Just what she’d always wanted to be.

She washed her hands, then snatched a few paper towels from the dispenser and soaked them in cold water. Pressed them to her face, careful not to smudge her makeup. Miles wouldn’t like that. Especially today.

He’d told everyone justice would prevail, that he’d be found innocent of the horrific charges leveled against him.

He’d been right and wrong. Because justice hadn’t prevailed. The jury hadn’t believed Miles had sexually abused that boy. They’d bought the defense’s claim that these allegations were a last-ditch effort on the boy’s mother’s part to extort money from Miles. To the jury, to everyone in their circle, Miles was a saint who’d been railroaded by the system and a confused young boy. They saw him as the victim.

But Lynne knew the truth.

She tossed the paper towels into the garbage, then cupped her hands under the running water and brought them to her mouth, rinsing out the acrid taste. She’d had such high hopes that Miles would be punished, that he’d be sent to prison, and she and Jon would finally be able to escape him. Her control shattering, she slid to the dirty floor.

Now they’d never be free.

CHAPTER ONE

FAITH LEWIS LOVED HER SON more than life itself. But honestly, if he whined at her one more time, she was going to duct tape his mouth shut.

“Why can’t I stay home by myself?” Austin asked sullenly from the passenger seat. “I’m not a baby.”

Then why are you acting like one? And worse, why had she reverted to thinking like a nine-year-old herself? She bit her tongue and strangled the steering wheel. If she’d learned one thing over the past twelve years, it was self-restraint.

Thank God she’d learned something, right?

She pulled into the municipal parking lot half a block down from Brit’s Snips and shut off her car.

“It’s not fair,” he continued, crossing his arms, his green eyes shooting daggers at her. “I’m almost ten—”

“Last time I checked,” she said, unbuckling her seat belt, “your birthday was eight months away.”

He flipped back his brown hair.
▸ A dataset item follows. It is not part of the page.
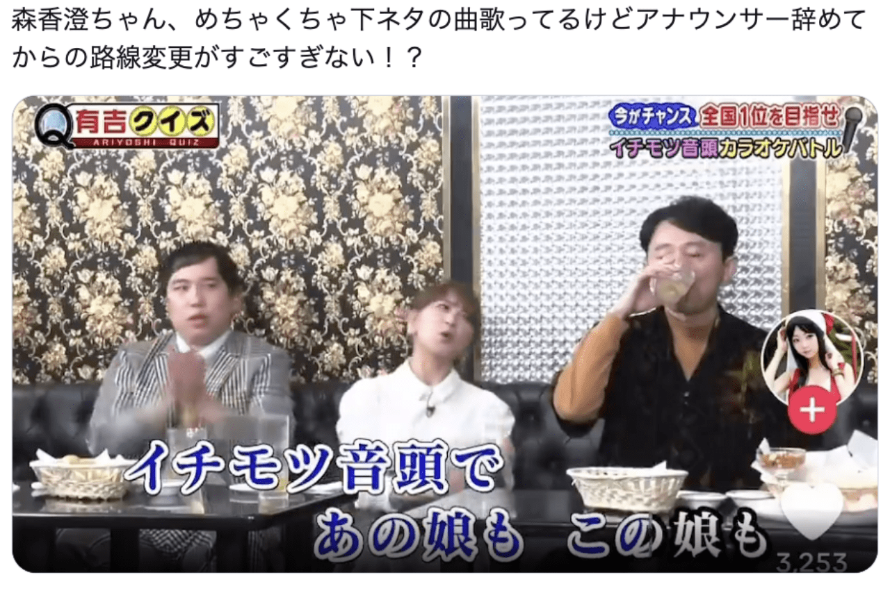 【衝撃発言】まじでぇ❕森香澄がカラオケで披露した「イチモツ音頭」が物議!ファンの反応とは?wwwwwwwwwwwwwwwwwwwww❕

If he’d let her give him a trim, he wouldn’t have to keep jerking his head like that.

“But why do I have to come to work with you?”

She pushed her sunglasses back on her head. “We’ve talked about this before. So many times I might as well put it on a recording and push Play the next time you start in on me.” And he would. Her son was nothing if not stubborn.
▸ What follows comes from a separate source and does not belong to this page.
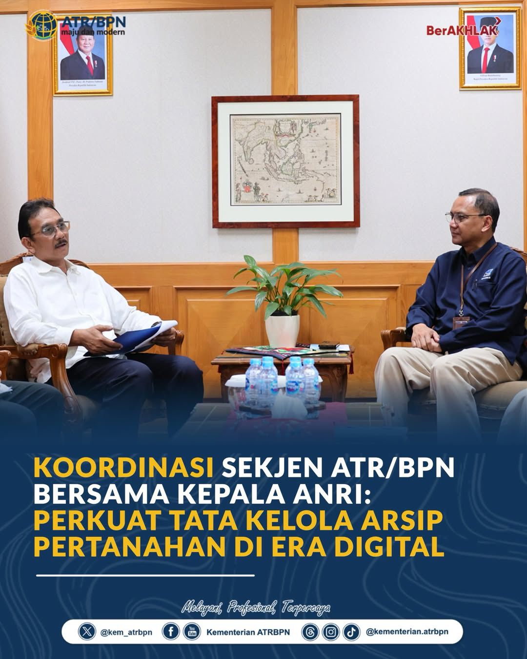 Halo #SobATRBPN, Sekretaris Jenderal Kementerian ATR/BPN, Dalu Agung Darmawan, berkoordinasi dengan Kepala Arsip Nasional Republik Indonesia (ANRI), Mego Pinandito, di Jakarta, Rabu (25/02/2026). Pertemuan ini membahas penguatan tata kelola arsip pertanahan sebagai fondasi pelayanan dan penjaga aset masyarakat di era digital.

Like the color of his eyes, he got stubbornness from her. But that didn’t make it any less frustrating. They’d had this conversation every day since school let out two weeks ago. It was going to be a very long summer.
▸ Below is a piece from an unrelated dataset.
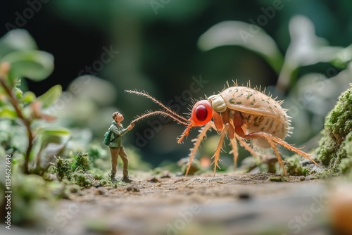 Naklejka premium Miniature figure encounters enormous insect, lush background.

“It’s not like I’m gonna start the house on fire or something. Why can’t I stay by myself?”

“For all the reasons I’ve already explained.” Plus a few she’d kept to herself, such as her fear of coming home only to discover him gone. Tossing the keys in her purse, she opened the car door. “Now, I’m already late for work and you are about one more word away from losing your video-game privileges. Do you understand me?”

Scowling, Austin sank farther down into his seat. “Yeah,” he muttered.

She raised an eyebrow—yes, just like her own mother used to do when Faith was little. This day kept getting worse. “Excuse me?”

“I mean, yes, ma’am.”

Unlike her mother—who would’ve boxed her ears—Faith ignored the way he rolled his eyes. Hey, she didn’t expect him to like having to toe the line. She’d done plenty of things in her life because she’d had to and not because she wanted to.

She stepped out into the bright sunshine, her lightweight shirt clinging to her skin. But that had more to do with her frantic morning than the unusual June heat wave, in the mid-eighties for three days straight.

Heat wave. If the people of Kingsville, Maine, thought this was hot, they should try spending a summer in a cramped trailer with no air-conditioning down in South Carolina.

It’d melt their Yankee brains.

“Run down to Reynolds’ Mart,” she said, handing Austin a ten dollar bill, “and buy yourself something for breakfast.”

“Okay,” he said eagerly.

“Don’t even think of buying any boxed pastries, doughnuts and/or muffins. And avoid anything frosted, sprinkled with extra sugar, fried or carbonated.”

His face fell. “What am I supposed to eat then?”

“How about some yogurt? And some fruit?”

Austin made a gagging noise. “Yogurt is gross. It’s like eating cold snot.”

Faith grimaced and slid her purse onto her shoulder. “Thank you for that visual.”